*** Given records Section Begins ***

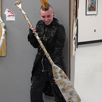 Frost says she spent a few days on the piece, first sanding down the paddle by hand and then coating it with several layers of gold and silver paint. She finished by covering it with gears and clock handles.
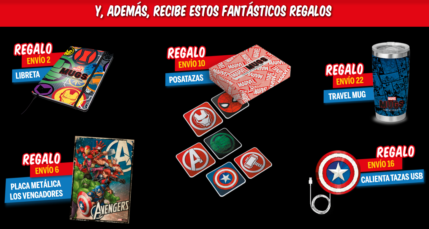 En resumen, una libreta exclusiva, una placa metálica de Los Vengadores, una colección de posatazas, un calienta tazas USB y un travel mug. Todo eso… ¡gratis por suscribirte! ¿Y hemos dicho ya que toda la colección completa tiene gastos de envío gratis?
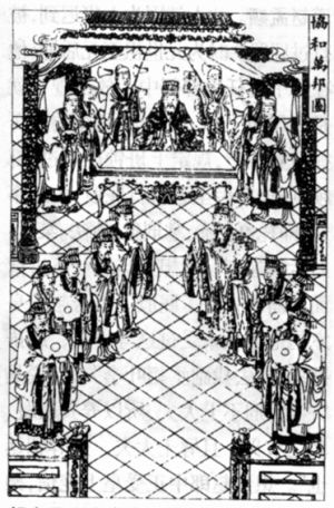 《万历野获编》卷十三记,明神宗时,因朝会时开时辍,“班行遂无定序”。有一次,一个阁部官员和一个监察官员互争位次,请编制朝班的蔡献臣分辨是非,老蔡谁也不想得罪,便引成例:如按常朝,你是对的;如按大朝,他亦不错。由此可见,各种朝会有不同的位次安排,这是在中央机关供职的官员必须掌握的一门学问,否则一上班就要出错。
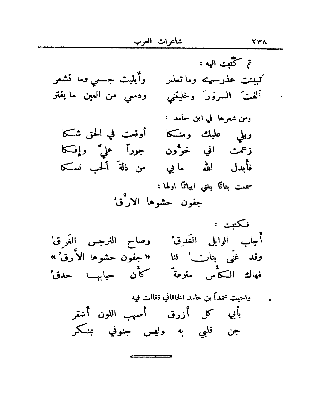 فكتبت إليه شعراً: (من مجزوء الوافر)
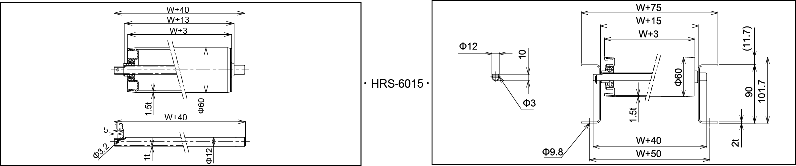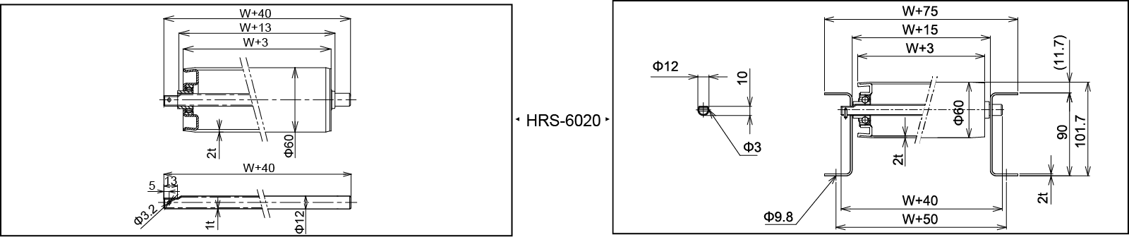 | Breedte van Roller W (mm) | 100 | 200 | 300 | 400 | 500 | 600 | |
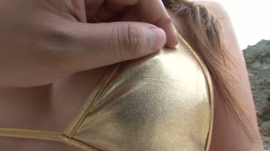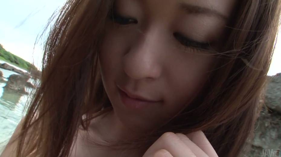 Pretty Japanese gal Risa Misaki shows her ninnies and gives blowjob outdoor
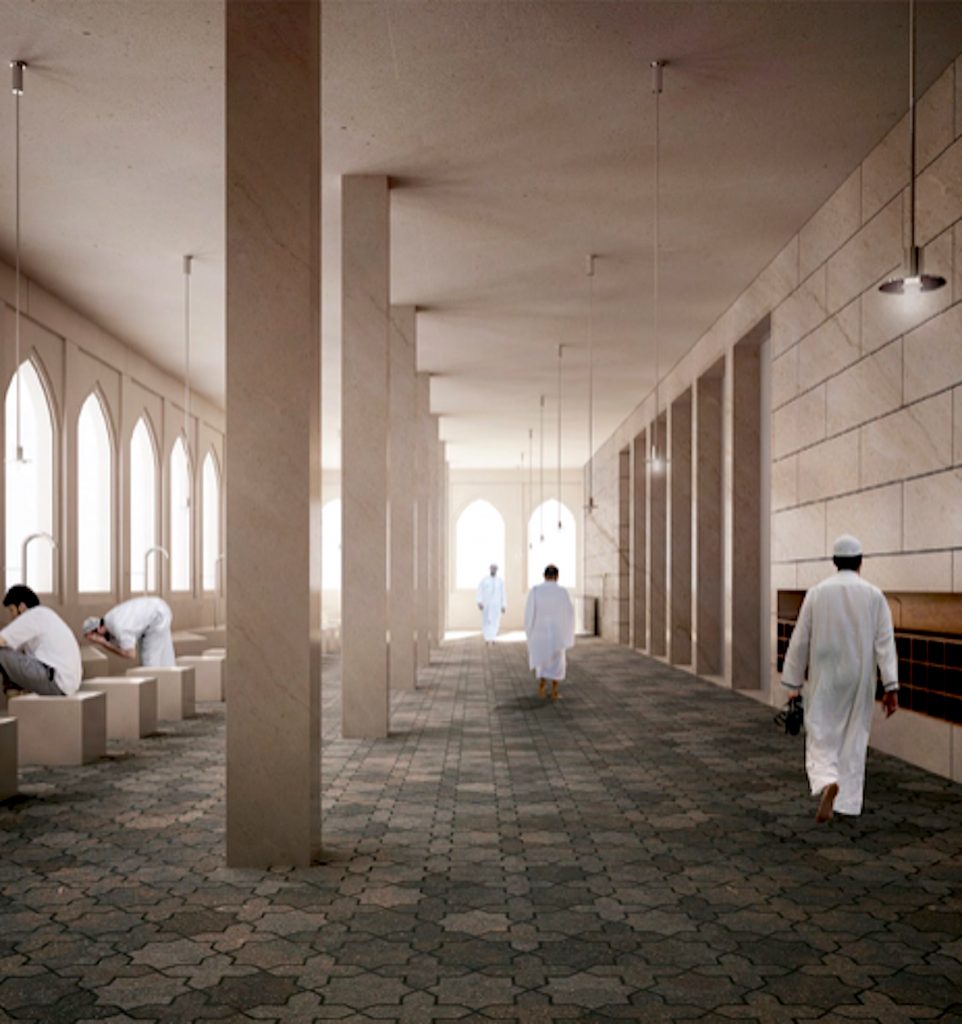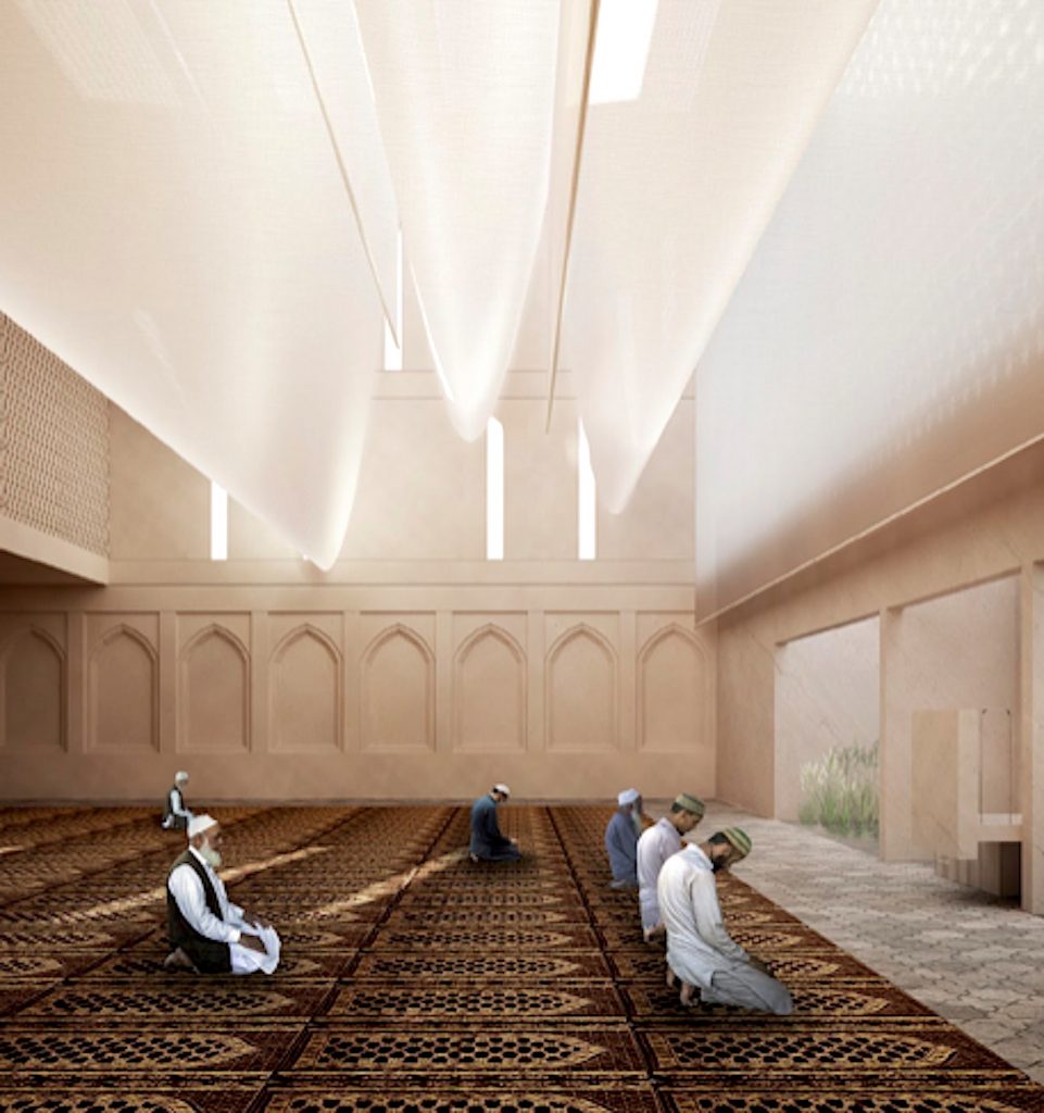 The exterior of the mosque unfolds as a seamless expression of the surrounding landscape, characterized by ribbons of locally sourced brick. This nod to Lancashire’s masonry heritage not only enhances the visual continuity but also regulates natural light within the interior spaces. The varying spacing of these ribbons carefully controls the porosity of the enclosure, creating intimate prayer spaces while opening up communal areas to an abundance of natural light. –Mcheileh Studio
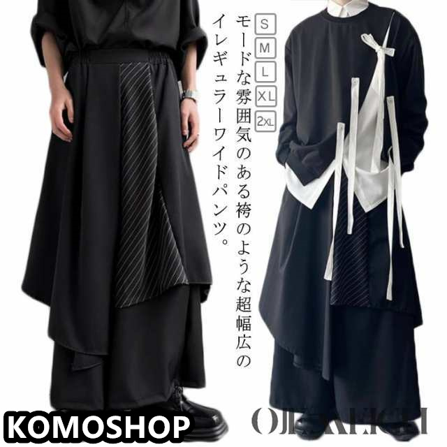 ワイドパンツ メンズ 袴パンツ ロング丈 イレギュラー フレアパンツ スカートパンツ スカート風 ガウチョ ゴムウエスト タック入り 薄手 春 夏 秋 ストリート モード系 v系 はかまパンツ 大きいサイズ レディース ユニセックス 黒 ブラック 【送料無料】
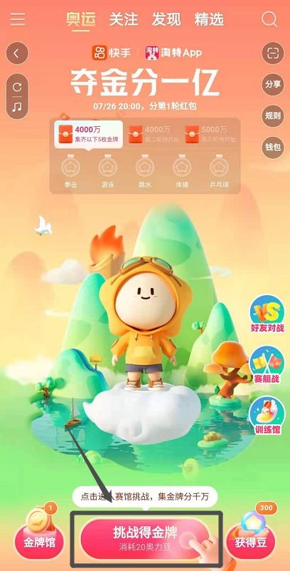 第一步、打开快手app,点击【奥运】,再点击下方的【夺金赛分一亿】
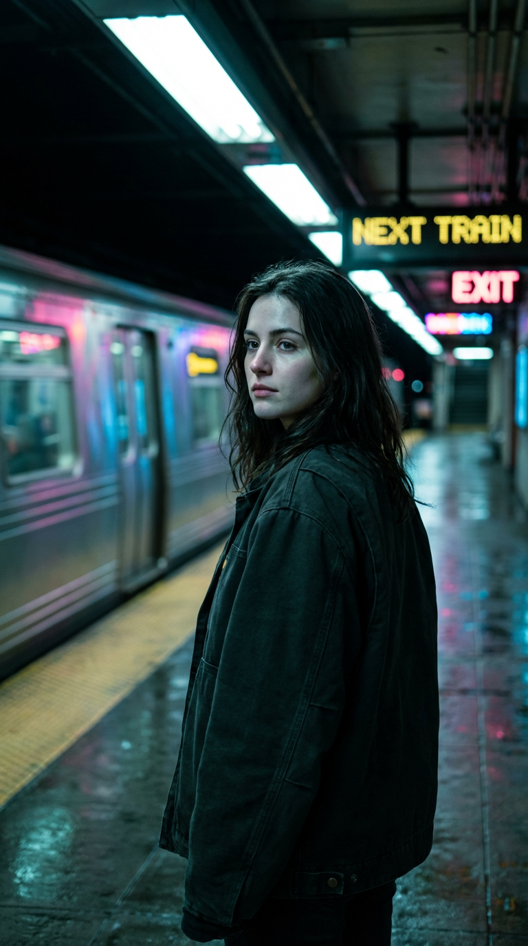 NANO BANANA PROСцена ночного метро: молодая женщина в темной куртке стоит на перроне под неоновым светом, поезд проносится рядом. Атмосфера холодная, одиночество и ожидание.
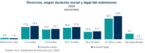 Entre los matrimonios que se disolvieron legalmente, 33.8 % tuvo una duración legal de 21 años y más; 19.4 %, de 1 a 5 años; 15.1 %, de 6 a 9 años; 17.9 %, de 10 a 15 años; 11.7 %, de 16 a 20 años y 1.6 % fue menor a 1 año.
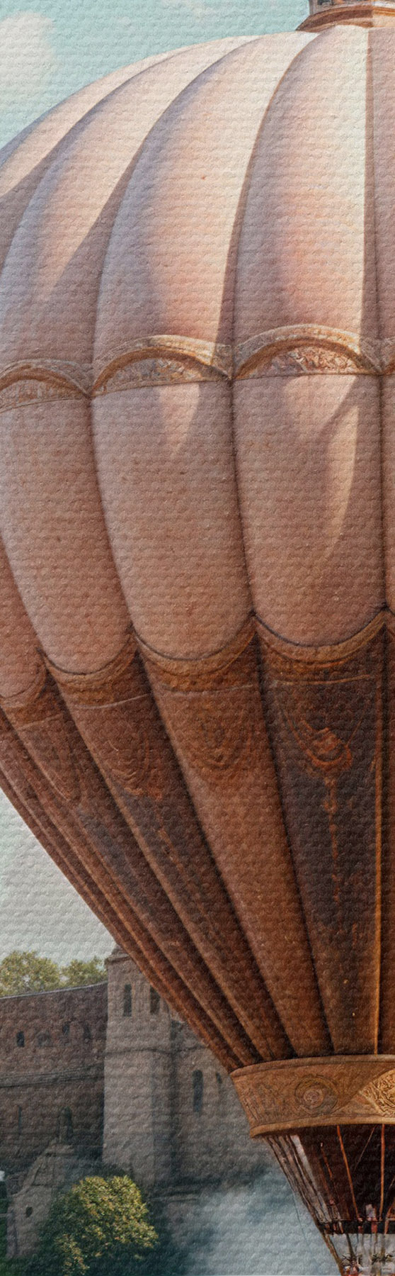 Schilderij Een fantasiekasteel omringd door roze heteluchtballonnen die in een bewolkte hemel boven een weelderig, groen landschap zweven Art. s39387

*** Given records Section Ends ***

Here the lines from the one with "第一步、打开快手app,点击【奥运】,再点击下方的【夺金赛分一亿】" through the last line of the data above need to be repeated exactly, both included, and any picture omitted.

 第一步、打开快手app,点击【奥运】,再点击下方的【夺金赛分一亿】
 NANO BANANA PROСцена ночного метро: молодая женщина в темной куртке стоит на перроне под неоновым светом, поезд проносится рядом. Атмосфера холодная, одиночество и ожидание.
 Entre los matrimonios que se disolvieron legalmente, 33.8 % tuvo una duración legal de 21 años y más; 19.4 %, de 1 a 5 años; 15.1 %, de 6 a 9 años; 17.9 %, de 10 a 15 años; 11.7 %, de 16 a 20 años y 1.6 % fue menor a 1 año.
 Schilderij Een fantasiekasteel omringd door roze heteluchtballonnen die in een bewolkte hemel boven een weelderig, groen landschap zweven Art. s39387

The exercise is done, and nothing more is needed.